Differential expression was evaluated in R using the edger package (Robinson et al., 2010). Genes were filtered by filterbyexpr, counts were transformed by Voom, and linear models fit with Lmfit. In planta samples from 6 d and 13 d post inoculation were contrasted against in vitro samples. Genes with an adjusted P‐value less than or equal to 0.05 and a log‐fold change greater than 1.5 or less than −1.5 were considered to be differentially expressed.

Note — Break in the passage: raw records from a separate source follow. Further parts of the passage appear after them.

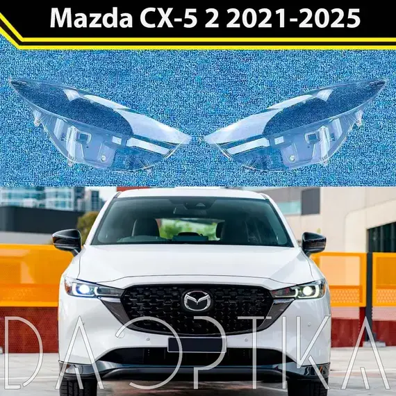Стекло правой фары из оптического поликарбоната с защитным лаком для замены оригинального стекола фары на Mazda CX-5 2021-2025 2 поколение [рестайлинг]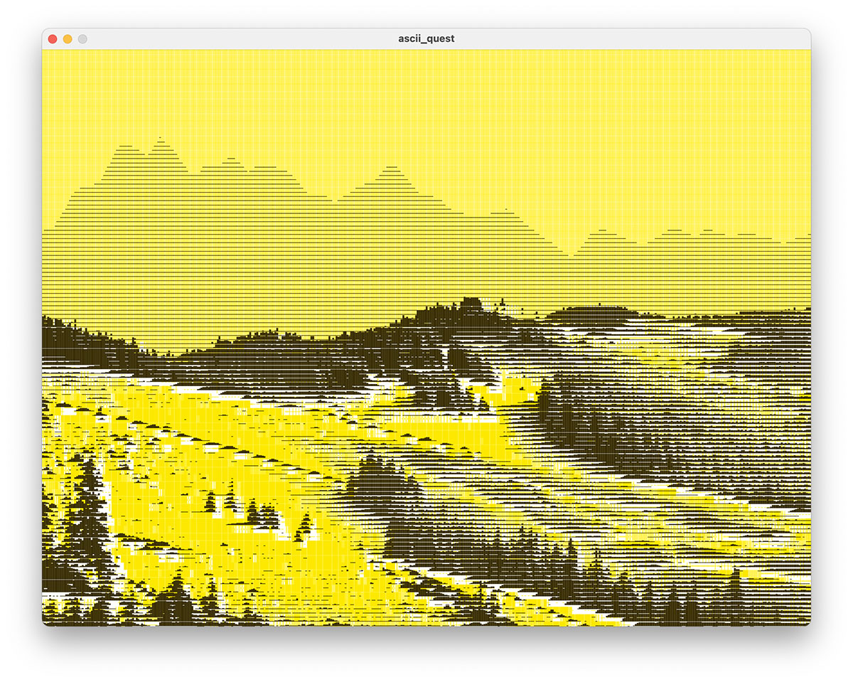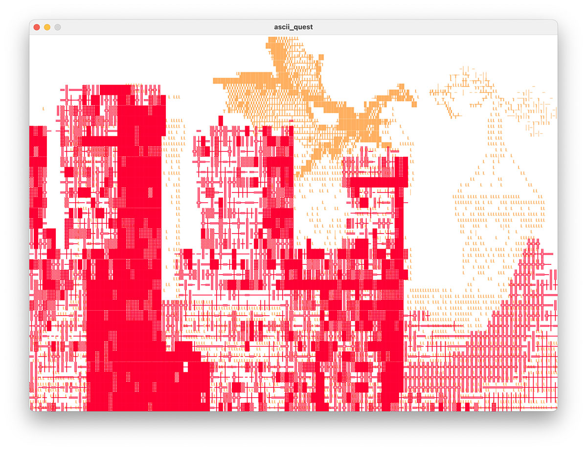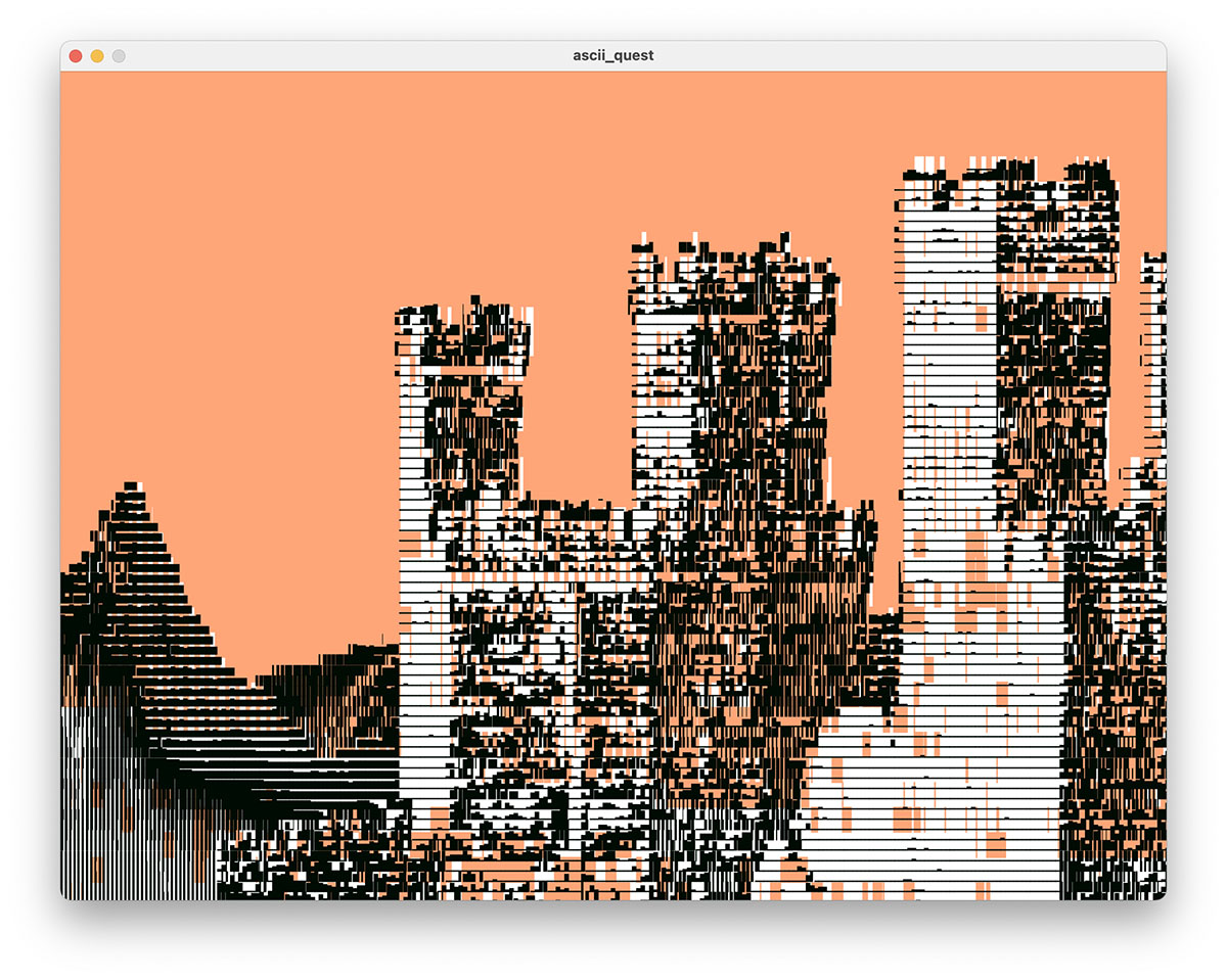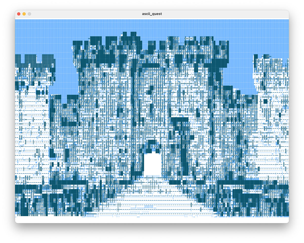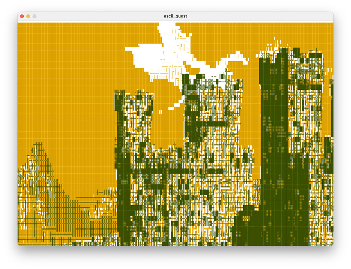 Initial concept art for a fantasy game that will combine text-based adventuring with lush ASCII art cutscenes.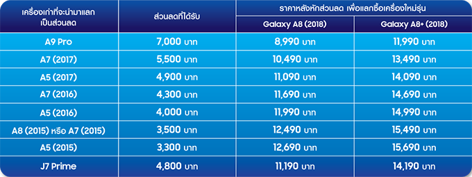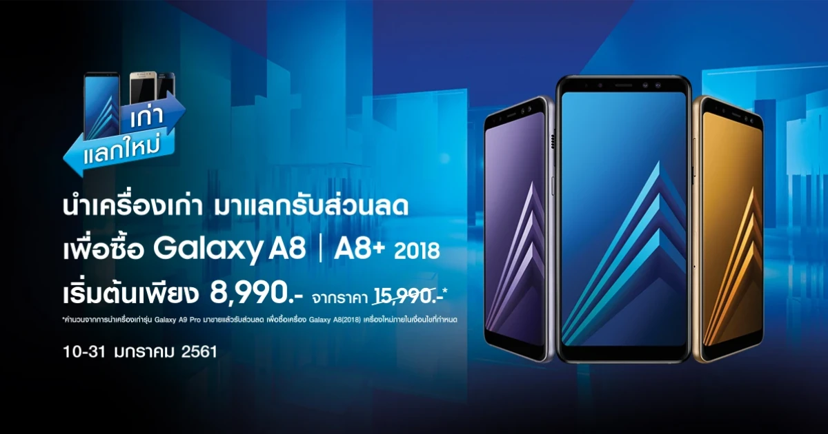 Samsung Galaxy A8 (2018) และ Samsung Galaxy A8+ (2018) สมาร์ทโฟนหน้าจอไร้ขอบ กล้องหน้าคู่รุ่นแรกของ ซัมซุง วางจำหน่ายอย่างเป็นทางการ พร้อมโปรโมชั่นน่าสนใจ "นำเครื่องเก่า มาแลกรับส่วนลดซื้อเครื่องใหม่ เริ่มต้นเพียง 8,990 บาทเท่านั้น" ตั้งแต่วันนี้ - 31 ม.ค. 2561 โดยเครื่องเก่าที่สามารถนำมาแลกเป็นส่วนลด มีดังนี้

Principal component analysis

In order to select diverse cultivars for resistance phenotyping, we analysed the genotypic diversity of available strawberry germplasm. These strawberry accessions had previously been genotyped on the Affymetrix® FanaSNP 50K Array (Hardigan et al., 2020). Genotypes were called using the Affymetrix® Axiom Analysis Suite (v.4.0.1), and samples with a call‐rate greater than 89% were retained for further analysis (Pincot et al., 2018). The ‘A.mat’ function from the R package rrblup was used to construct a realised additive genetic relationship (A) matrix, filtering SNPs for a minor allele frequency of 0.05 and a maximum missing rate of 0.80 in the process (Endelman, 2011). Principal component analysis was run on the A matrix using the ‘prcomp’ command found in the base stats package (R v.3.5.2; R Core Team, 2013).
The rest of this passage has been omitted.